Раевский взглянул в его лицо и понял, что его лучше оставить одного.
* * *
Исаакиевская площадь была пустынна. Лермонтов подошел к колоннаде собора и, закинув голову, долго смотрел в небо, пока, наконец, ему не стало казаться, что там, в вышине, все неподвижно, а плывет по воздуху, обгоняя белые облака, величавое здание с гигантскими колоннами. В их пролетах поблескивают звезды, и он сам медленно движется вместе с этим зданием куда-то в вышину, все дальше и дальше.
От этого ощущения полета странно успокаивалась острая боль, охватившая сердце…
Но когда он оторвал взгляд от этой безмятежной картины, когда увидал, возвращаясь медленно к себе, протянувшуюся вдаль перспективу прямых улиц с высокими домами, в которых жили, рождаясь и умирая, любя и обманывая, тысячи людей, эта боль овладела им с новой силой.
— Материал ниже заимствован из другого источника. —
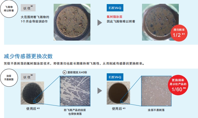 过去,为了防止检测错误,只能采取有接触风险的传感器安装设计,E2EW则拥有超长检测距离,即使隔开一定距离也不会发生检测错误,从而实现减少了接触风险的有余量的安装设计。

Верить нельзя никому!.. И Варенька — даже она! — окружена другими и отдает другим свое сердце… И Варенька — даже она! — ему изменит!
Но если даже Вареньке, которая в весенний вечер на скамейке московского садика сказала ему о своей любви, даже Вареньке верить нельзя — тогда пусть закрутит его жизнь, и близкая свобода бурей пронесется по сердцу.
…В эту ночь он снова написал Мари Лопухиной. Он написал ей о своей скорой свободе, и производстве в офицеры, и о чудной и веселой новой жизни, которая его ждет; он знал, что обо всем этом Мари, конечно, сообщит своей сестре.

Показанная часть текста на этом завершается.